RICHARD SALE Candid Jones

   Regarding his hardboiled reputation, Jones admits that maybe he was: “I was never afraid of any man, and I always figured that if a guy was going to get rough with you, the best thing to do was to get rough with him first.” (Long Shot) He also notes that “Bluff is great stuff and so is a front. It goes a long way.” (Murder on the Film)

   However, he noted, eventually you have to use your fists or bullets if it becomes necessary. Another of Sales’ characters, on the other hand, Daffy Dill, is not really a hardboiled character but always carries a gun because he deals with criminals and crimes regularly. Dill is a much easier going person.

   Many series have a policeman as friend or antagonist to the main character, and this series has one. Inspector Harry Rentano is a friend of Candid Jones, and sometimes invites him along on his official investigations. Rentano is also available for any assistance Candid Jones may need on investigations he starts.

   Rentano first met Candid Jones during the time Jones worked as an insurance investigator. He used to be on the police Bomb Squad, and worked on some Mafia cases. He is currently head of the Homicide bureau, and was known as a policeman more interested in knowing the truth about a case than in making an important arrest to impress people. He is married with four children.

   The third member of the cast in the stories is Jones’ girlfriend, Claire Crossman. She is a model from the Frazier Agency, “and outside of being my favorite model, she’s about my favorite girl-friend too.” (Banshee) She often does not appear in a very prominent role in the stories, unlike Dinah Mason in the Daffy Dill series.
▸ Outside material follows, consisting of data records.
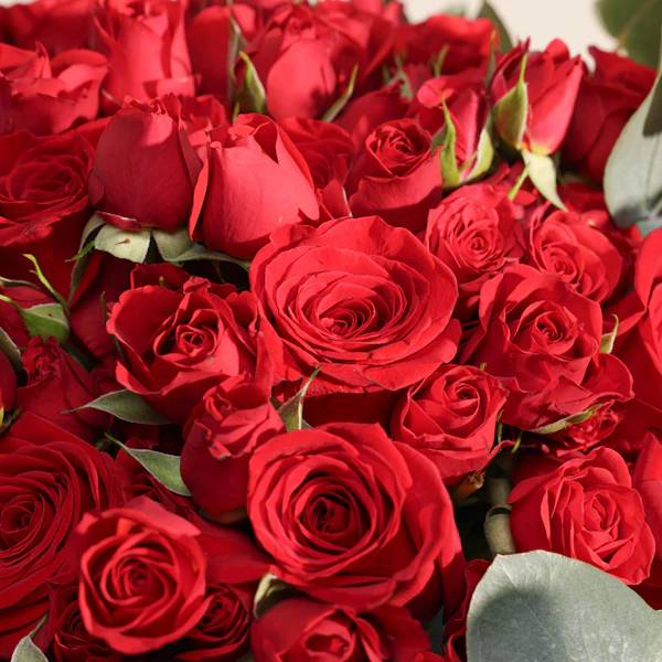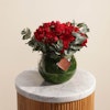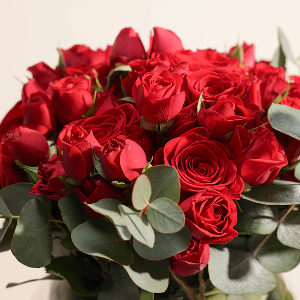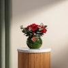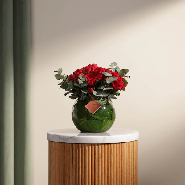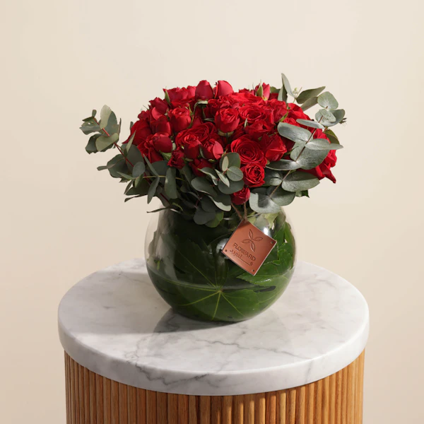 Elevate any occasion with our stunning floral arrangement featuring Red Roses, Red Baby Roses, Eucalyptus, and Green Aralia, gracefully arranged in a round glass vase. The rich, vibrant reds of the roses are beautifully complemented by the lush greenery of eucalyptus and aralia, creating a harmonious and sophisticated display. Perfect for expressing love, appreciation, or celebrating a special moment, this elegant bouquet adds a touch of natural beauty and charm to any setting. The round glass vase enhances the overall presentation, making this arrangement a captivating centerpiece that brings warmth and elegance to your space.
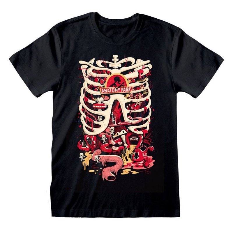 Černé pánské tričko s krátkým rukávem a grafikou Anatomy Park, z animovaného seriálu Rick and Morty.
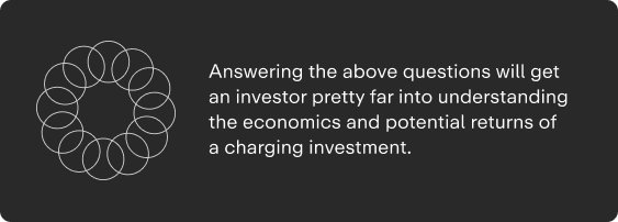 Answering the above questions will get an investor pretty far into understanding the economics and potential returns of a charging investment.
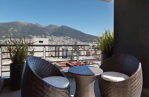 Suite con ventanales de vidrio por todos lados y un fantástico balcón en la esquina, cuenta con una hermosa vista al volcán Pichincha y centro-norte de la ciudad, ubicada en una de las mejores zonas de Quito, cerca del centro histórico, disponible para visitas Ejecutivas y Turísticas en la ciudad.
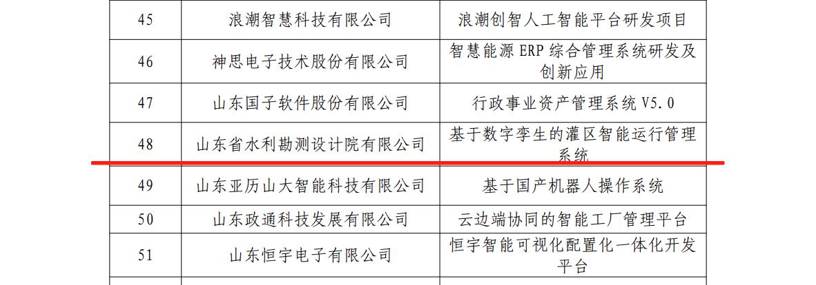 近日,山東省水利勘測(cè)設(shè)計(jì)院有限公司(以下簡(jiǎn)稱山東水設(shè))自主研發(fā)的“基于數(shù)字孿生的灌區(qū)智能運(yùn)行管理系統(tǒng)”成功入選“第五批山東省軟件產(chǎn)業(yè)高質(zhì)量發(fā)展重點(diǎn)項(xiàng)目”和“第九批山東省首版次高端軟件產(chǎn)品”,彰顯了公司在水利數(shù)字化領(lǐng)域的技術(shù)實(shí)力。
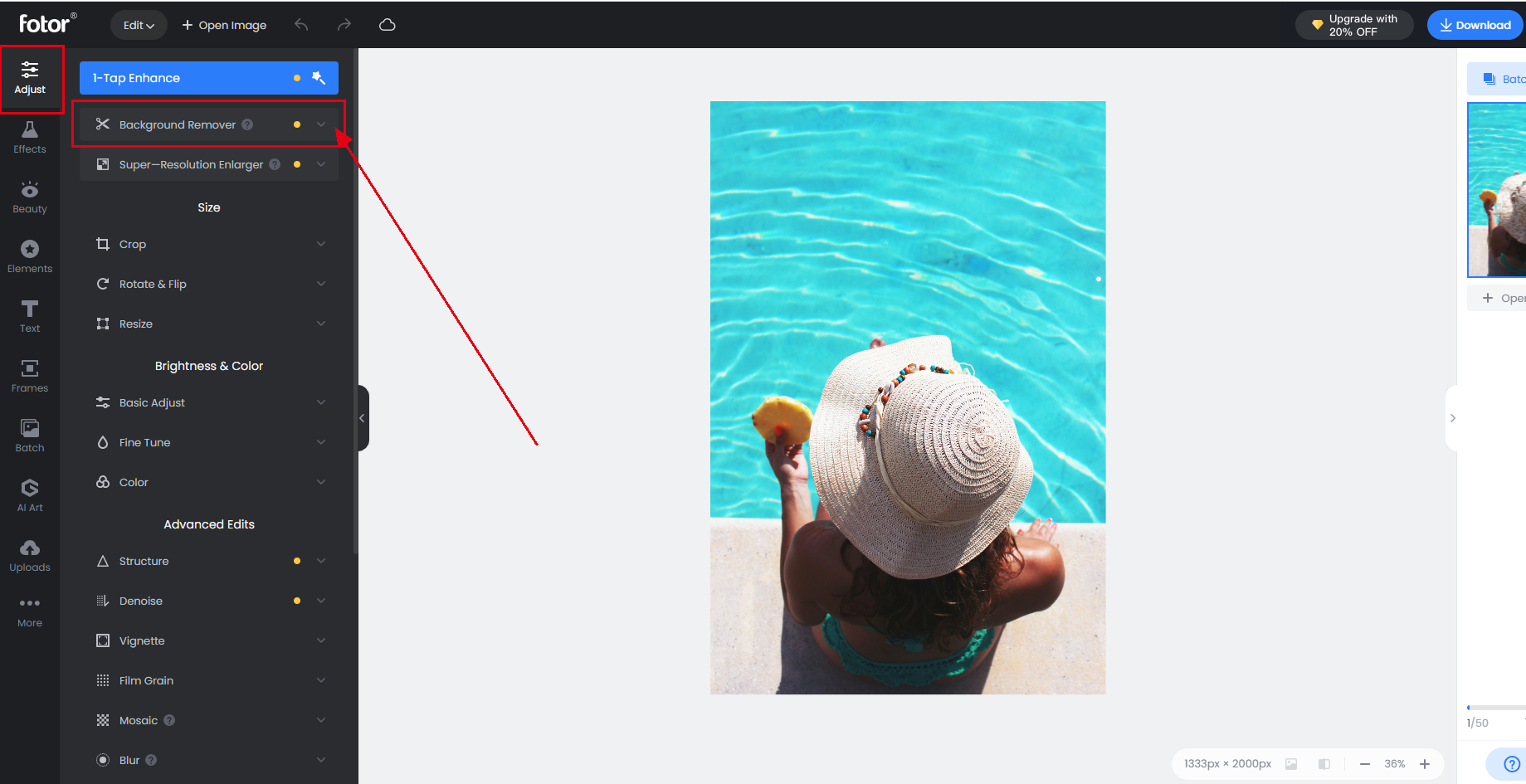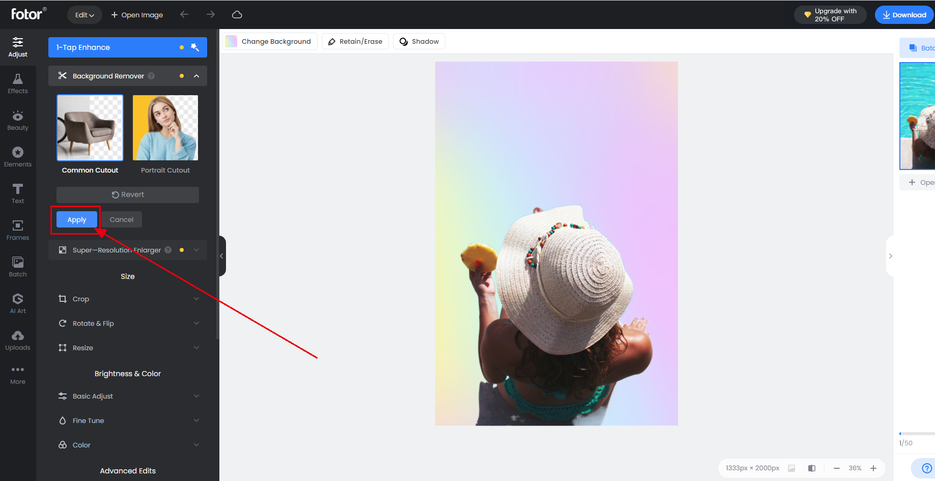 Adjust → Background Remover → дождитесь автоматического вырезания.

   Candid Jones has two items he seems to carry with him everywhere. One is a camera, often a Leica, Model G. The other is his gun, a German 9mm Luger. He does not say where he picked up this weapon, but it is possible he is a war veteran.
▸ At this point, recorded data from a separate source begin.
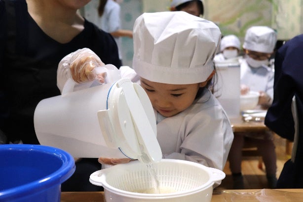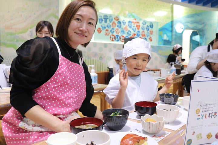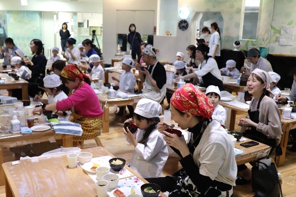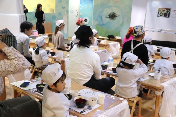 子どもたちが親に感謝の気持ちを込めて料理を振る舞い、和食体験を楽しむ様子が会場に広がりました。
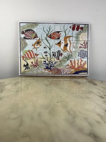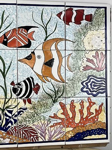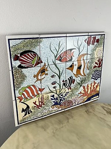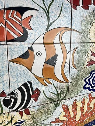Pannello in ceramica decorata a mano con pesci, anni '80
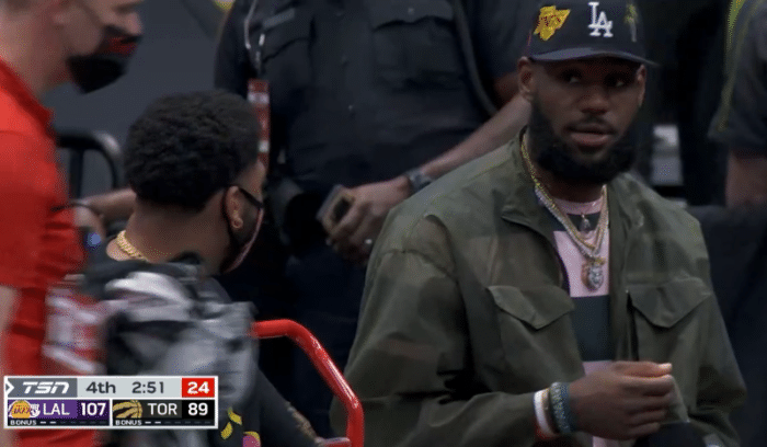 此前湖人客场击败猛龙,詹姆斯不仅再次随队出征客场,而且已经脱掉保护靴;虽然因伤休战,但场边的詹姆斯很积极——不满判罚时,詹姆斯为队友找裁判理论;塔克出现失误时,詹姆斯亲自指点小弟;湖人早早锁定胜局时,詹姆斯满脸笑容,和浓眉闲聊。
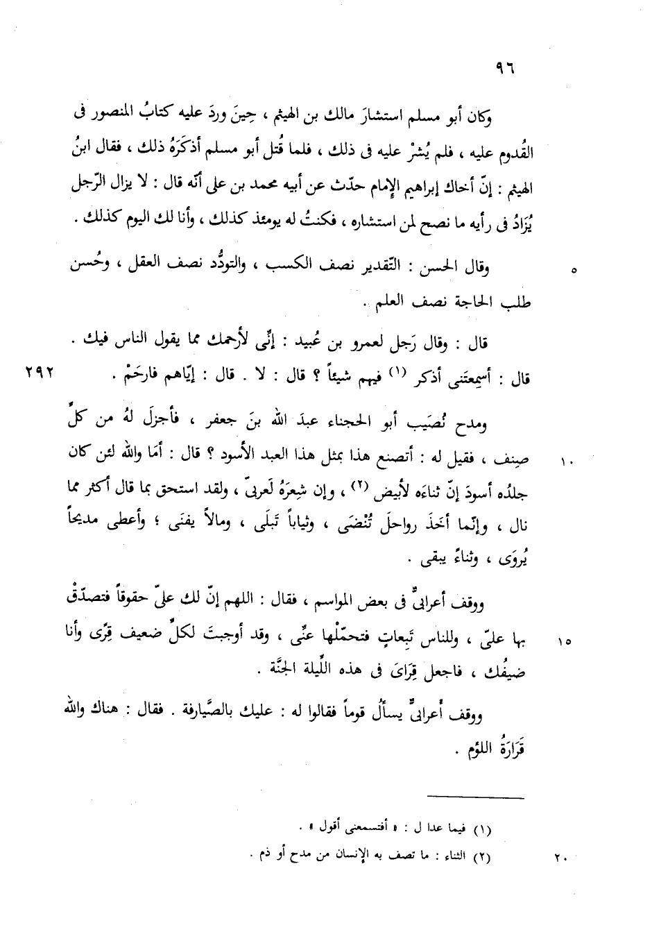 قال رجل لعمرو بن عبيد إني لأرحمك مما يقول الناس فيك قال أفتسمعني اقول فيهم شيئا قال لا قال إياهم فارحم
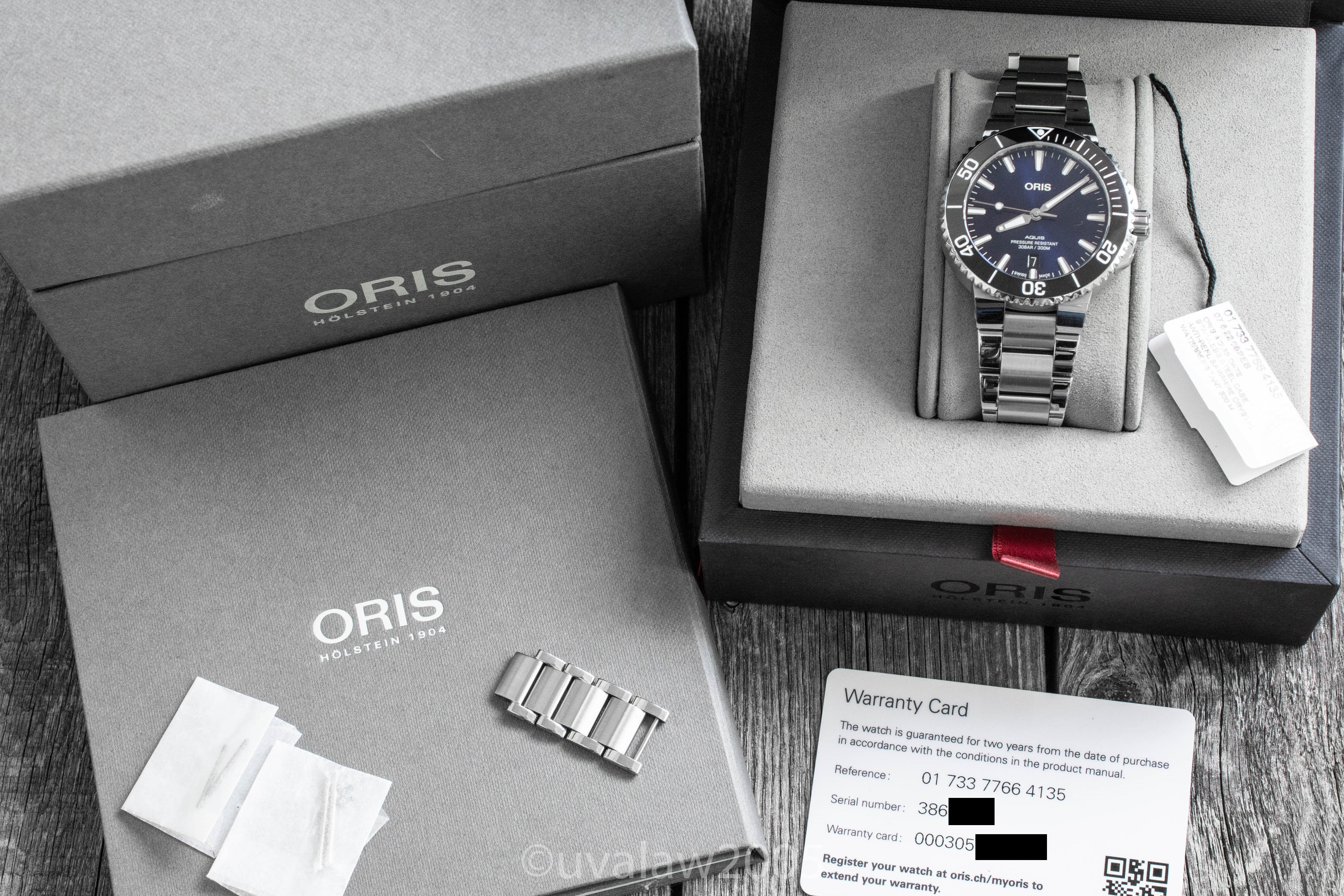 ·For sale is my blue dial, black ceramic bezel Oris Aquis 41.5mm automatic dive watch on OEM bracelet, ref. 01 733 7766 4135-07 8 22 05PEB. Purchased from an Oris A.D. last May and promptly registered, so the Oris warranty runs through May 2023.
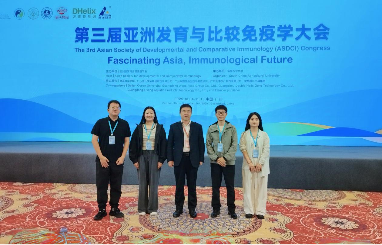 10月31日至11月3日,“第三届亚洲发育与比较免疫学大会”在广东省广州市顺利召开。大会由亚洲发育与比较免疫学会主办,华南农业大学承办,大连海洋大学等单位协办。大会共吸引了来自国内外500余名科研人员参会,我院孔祥会教授、朱雷副教授、赵燕静博士、高峰博士及研究生杜争艳参加了此次会议。
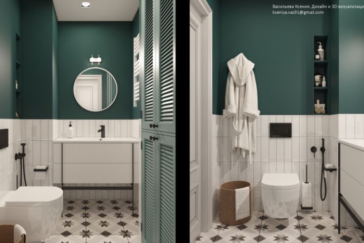 В гостевом санузле нашего проекта я решила скомбинировать покраску темно-зеленого цвета и белую глянцевую плитку «кабанчик».
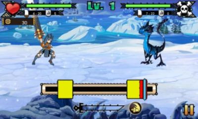 在战斗的过程当中,屏幕下方会有一个行动槽,不同颜色的方块会在此处出现,并且还有一条会左右来回移动的蓝色光标。玩家必须在蓝线与方块重合时点击屏幕,不同的方块将让猎人采取不同的行动,黄色为攻击、橙色为技能攻击(可以让怪物进入眩晕、中毒、麻痹、睡眠等状态)、红色则是防御。

   One occasion where Jones used a different camera is in the story “You Can’t Print That!” where he takes an entire strip of twenty-four exposures with a robot camera that automatically takes the photographs and advances the film for the next exposure. It came in handy for the murder he witnessed, and left his other hand free to use his gun on the murderer.

RICHARD SALE Candid Jones

   Jones uses his gun frequently in the stories, and in his own words, “I’ve got to admit I never had any scruples about killing a man. … I don’t like to kill … But when it’s my life against a rat’s.” (Murder on the Film) His camera saved his life on one occasion, when a bullet struck it rather than him. (The Big Top Murders)

   To get an idea of the sort of crimes that Candid Jones becomes involved in investigating, a short survey of some of the stories is in order. “Long Shot”, the first story, involves an attempt to fix a horse race. It is a very violent story, and probably the most hardboiled of the series.
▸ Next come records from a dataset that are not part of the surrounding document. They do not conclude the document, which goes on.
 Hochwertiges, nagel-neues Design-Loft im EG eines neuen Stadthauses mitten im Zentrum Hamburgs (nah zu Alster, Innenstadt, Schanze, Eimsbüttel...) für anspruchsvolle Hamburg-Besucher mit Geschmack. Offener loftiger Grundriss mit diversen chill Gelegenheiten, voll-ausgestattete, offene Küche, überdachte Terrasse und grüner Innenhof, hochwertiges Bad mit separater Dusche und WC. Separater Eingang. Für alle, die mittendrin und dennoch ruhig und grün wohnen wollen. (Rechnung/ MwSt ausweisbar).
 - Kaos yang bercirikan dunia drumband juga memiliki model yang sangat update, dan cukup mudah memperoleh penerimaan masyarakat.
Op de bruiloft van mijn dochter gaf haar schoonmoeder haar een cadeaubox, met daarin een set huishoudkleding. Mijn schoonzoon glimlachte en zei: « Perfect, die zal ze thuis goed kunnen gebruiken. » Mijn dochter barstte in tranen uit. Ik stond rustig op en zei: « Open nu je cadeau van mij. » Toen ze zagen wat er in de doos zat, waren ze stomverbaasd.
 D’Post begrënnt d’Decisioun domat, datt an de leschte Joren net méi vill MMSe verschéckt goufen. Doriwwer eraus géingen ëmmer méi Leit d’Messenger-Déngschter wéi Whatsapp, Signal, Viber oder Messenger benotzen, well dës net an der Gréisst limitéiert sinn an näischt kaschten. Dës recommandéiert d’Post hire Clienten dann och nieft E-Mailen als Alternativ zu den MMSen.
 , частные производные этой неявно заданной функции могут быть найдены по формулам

   In “You Can’t Print That!” Jones witnesses a murder that is connected to the trial of a racketeer, and takes some photographs for his first newspaper job. In “Backstage” Jones makes a bet with Inspector Rentano that he can catch a double murderer by the next day. This one takes place at the local zoological park.

   In “Banshee” Inspector Rentano asks Jones for help on the question of a banshee at the city aquarium, and gets involved with some criminals. In “Make Way for a Dagger” Inspector Rentano asks Jones along on a murder investigation aboard a yacht in the Hudson River, where the weapon is a harpoon.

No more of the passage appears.